A group of California researchers has developed an ice cube that doesn't melt and can be reused. The ice is being called "jelly ice" and could help reduce the nation's food waste.
The researchers at the University of California Davis's Robert Mondavi Institute of Wine and Food Sciences are working to re-imagine the ice cube, creating something that stays just as cold for just as long.
While it stays just as cold, jelly ice has one key difference from regular ice; it has a gelatin membrane that traps water in its cube-like shape and doesn't let it melt.
Jiahan Zou shared with CBS News that on top of not making a mess, the version of ice can also be manipulated to take any form, which could help change how food is kept cold while transported.
"So here we have two pieces of salmon filet on top of ice—traditional ice and jelly ice. Here they've been out for about an hour already. So, you can see ice already melted, and then all around, it's the meltwater. So the fish basically sinks in a pot of water right now," Zou said to CBS News.

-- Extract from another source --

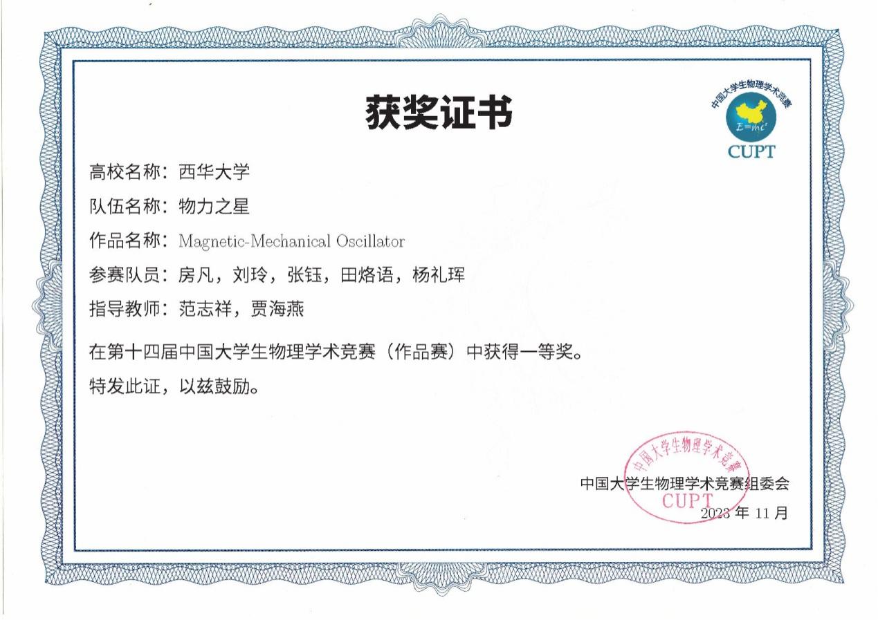 第十四届中国大学生物理学术竞赛作品赛于8月25日至10月1日,进行CUPT2023作品征集。近日,评审及结果已公示。betway西汉姆联平台由范志祥老师、贾海燕老师指导的“物力之星”代表队(参赛队员:房凡,刘玲,张钰,田烙语,杨礼珲)的参赛作品“磁性机械振荡器(Magnetic-Mechanical Oscillator)”斩获国赛一等奖。

Associate professor Luxin Wang had originated the idea for jelly ice after visiting a fish market, realizing there needed to be a better way to keep things cool without the dangers of melted ice.
Inadequate climate control across the supply chain and cross-contamination are the leading causes of food waste. For example, a study from 2013 by the Global Environmental Change discovered nearly half of all seafood in the U.S. spoils before getting to the market.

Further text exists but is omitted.